Арне в мгновение ока вскочил и натянул штаны.
— Мы поедем ведь на рысаках? — спросил он басом, продолжая одеваться.
Йенс Воруп незаметно улыбнулся Марии.
— Придется, наверное, — серьезно ответил он. — Карие не выдержат такой далекой поездки.
Арне бросился вон из комнаты.
— Я скажу, чтобы рысакам задали побольше корма, да самого лучшего! — крикнул он в дверях.
— Из него выйдет толк, — сказал Йенс Воруп, задумчиво глядя вслед сыну.
Мария не слышала этого разговора. Держа в поднятой руке гребень и зажав губами одну косу, она стояла перед зеркалом и грезила. «Она похожа на кошку, которая схватила зубами собственный хвост и, перестав играть, чего-то ждет», — подумал Йенс Воруп. О чем это Мария мечтает сейчас? До чего ж она хороша! Черные, как ночь, еще незаплетенные с левой стороны волосы, подчеркивая молочную белизну кожи, рассыпались по высокому плечу и груди, и сосок, розовый, как малина, выглядывает из выреза ночной рубашки. Все эти краски и формы, отраженные в зеркале, казались особенно яркими. Мария стояла, высоко подняв руки, отчего на спине ее, повернутой к нему, образовались ямочки и мягкие линии, словно торс этот только что вылеплен творческой рукой создателя. Горячая волна крови прилила к сердцу Йенса, его неодолимо тянуло поцеловать эти мягкие ямочки на спине.

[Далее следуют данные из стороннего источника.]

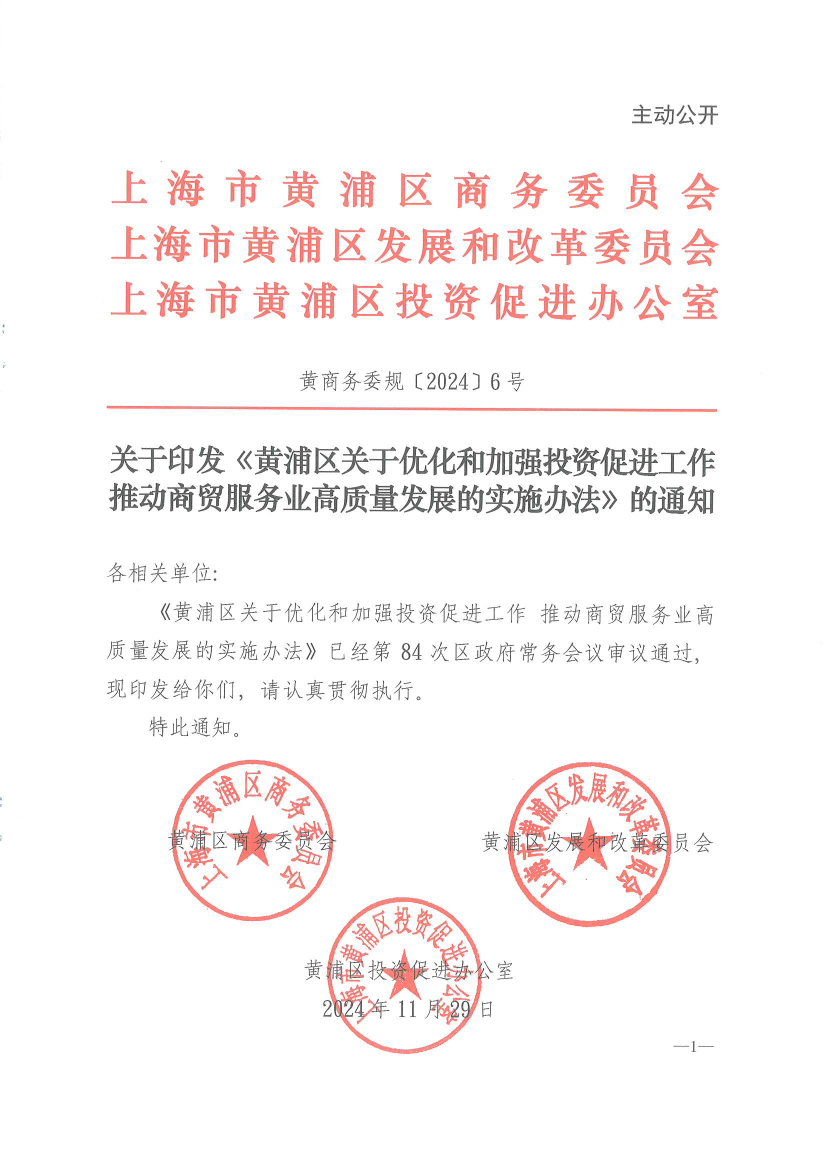 关于印发《黄浦区关于优化和加强投资促进工作 推动商贸服务业高质量发展的实施办法》的通知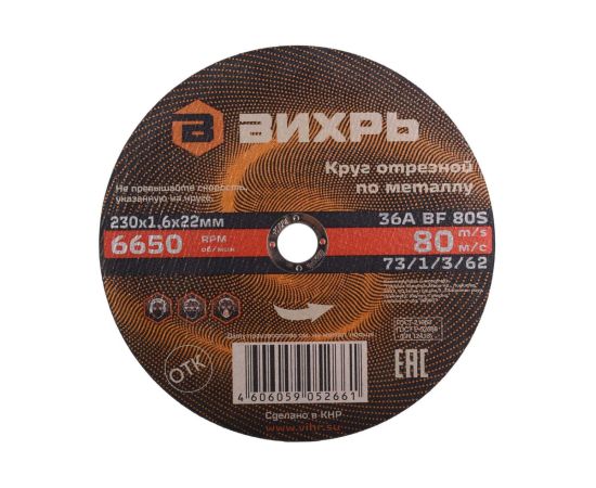 Круг отрезной Вихрь 73/1/3/62 по металлу 230х1,6х22мм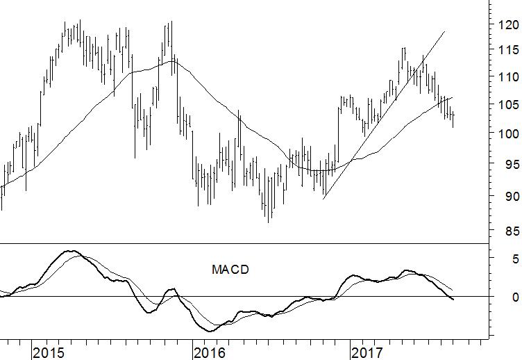Air Liquide hield zich tot begin mei netjes aan het protocol van de stijgende trend. Hogere toppen en bodems zijn het kenmerk daarvan. Al was de doorbraak van de onderliggende steunlijn in juni een tegenvaller, de schade aan het technische beeld bleef beperkt. Dat is anders geworden nu Air Liquide is teruggevallen tot onder het 40-weeks gemiddelde. Daarnaast is de MACD-indicator ook nog eens onder de nullijn gezakt: een aanwijzing dat het koersmomentum in neerwaartse richting draait.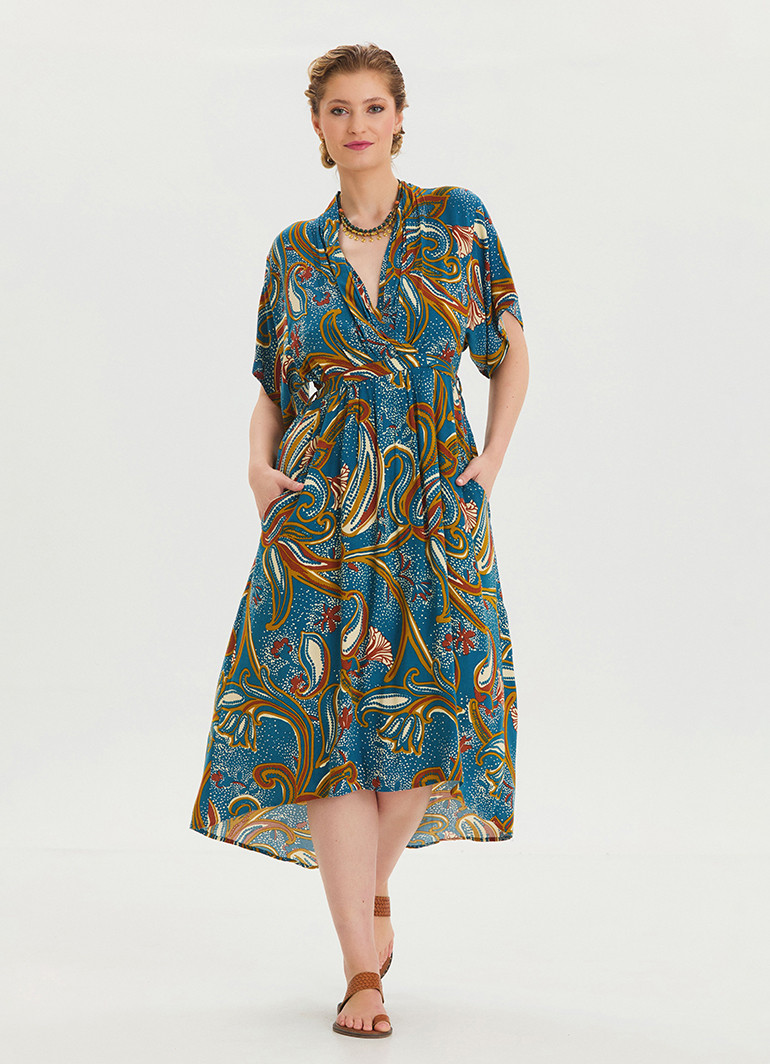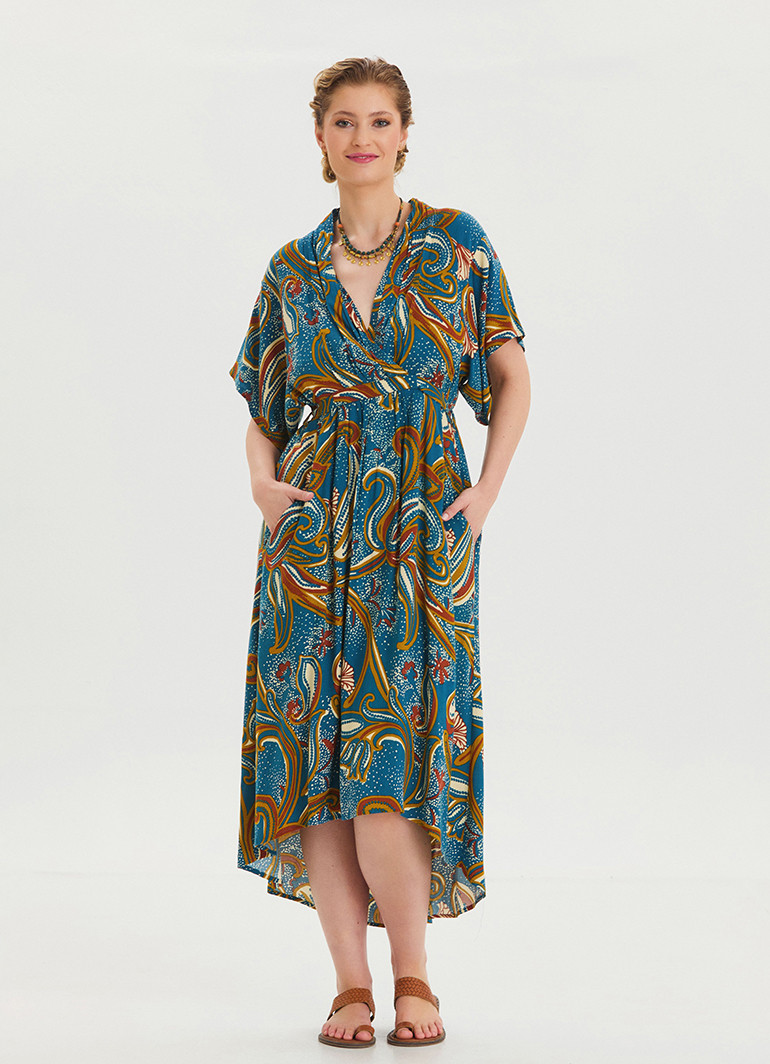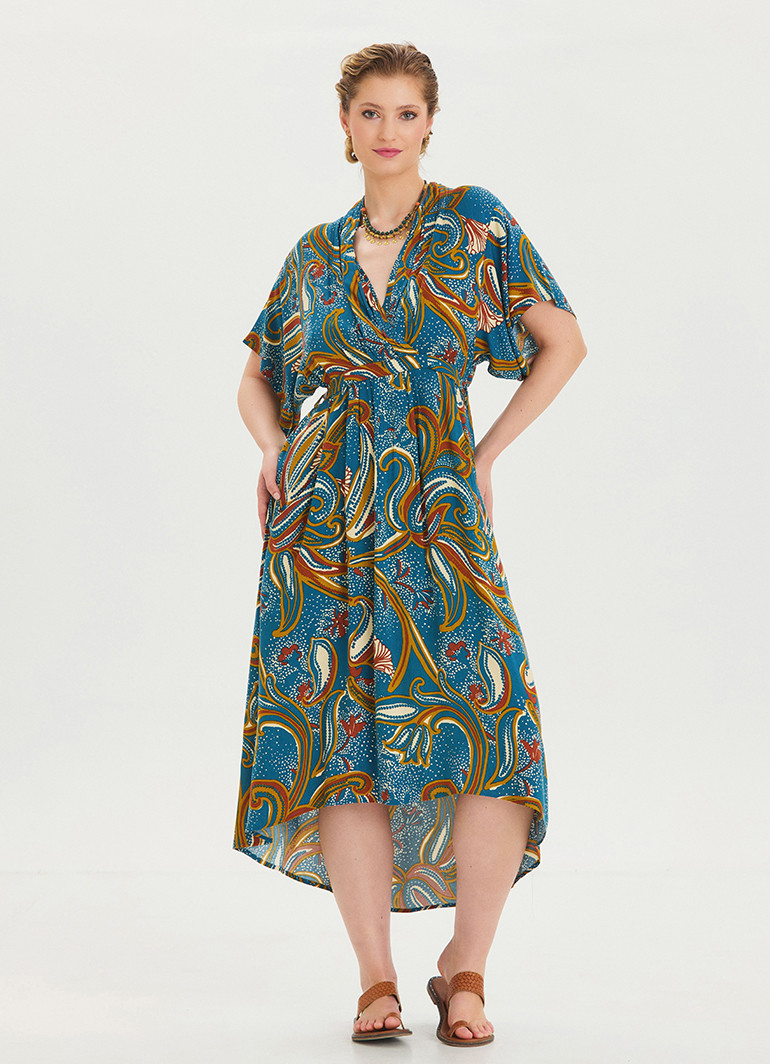 Petrol çiçekli desen, özgün ve çekici bir görünüm sağlarken, V yaka detayı boyun hattınızı öne çıkarır. Her detayında kalite ve estetiğin birleştiği bu model, modern kadınların vazgeçilmezi olacak.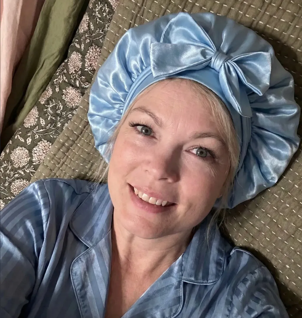 Vår bonnet minskar friktion, kapslar in fukt och bevarar glansen – så att du vaknar med mjuka och följsamt hår, redo för dagen.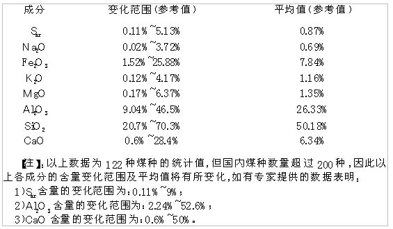 我們通過對2006年~2008年國內招標的138套電除塵器所使用的122種煤種(含9種混煤)進行分析后,總結出影響電除塵器性能的國內煤、飛灰主要成分含量分布(見表1)。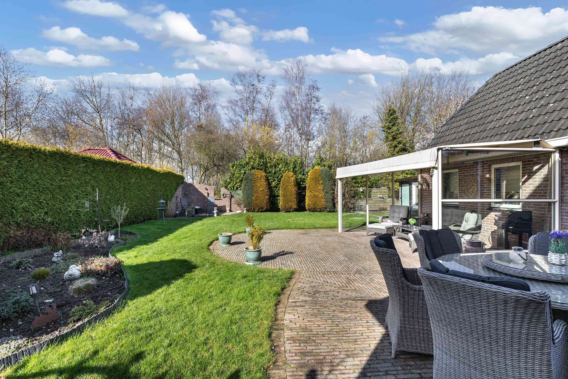 Voor het huis is voldoende plek om de auto te parkeren op eigen terrein. Uw auto kan ook overdekt staan in de garage.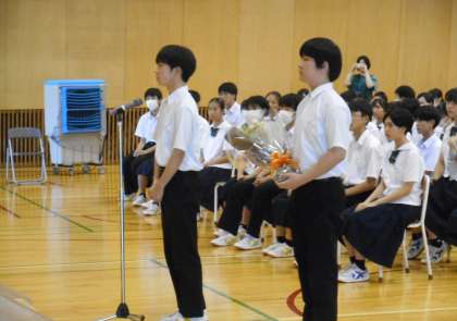 1学期で芝園中学校を離れられる先生の、離任式を行いました。

Но он не поддастся этому желанию, он возьмет себя в руки: если он сейчас вспугнет ее, она вспылит, и тогда весь день будет испорчен.
Но вот вошла Карен, ей нужно было взять что-то для Инги и малютки, которых она одевала в людской, — и Мария очнулась.
— Ты словно ничего не видишь и не слышишь, — сказала она мужу. — Ты грезишь, Йенс?
— Один из нас этим грешен, — откликнулся он и вышел из комнаты.
Сэрен Йепсен бродил по конюшне, ища себе дела. Ясно было, что он дожидается Йенса Ворупа.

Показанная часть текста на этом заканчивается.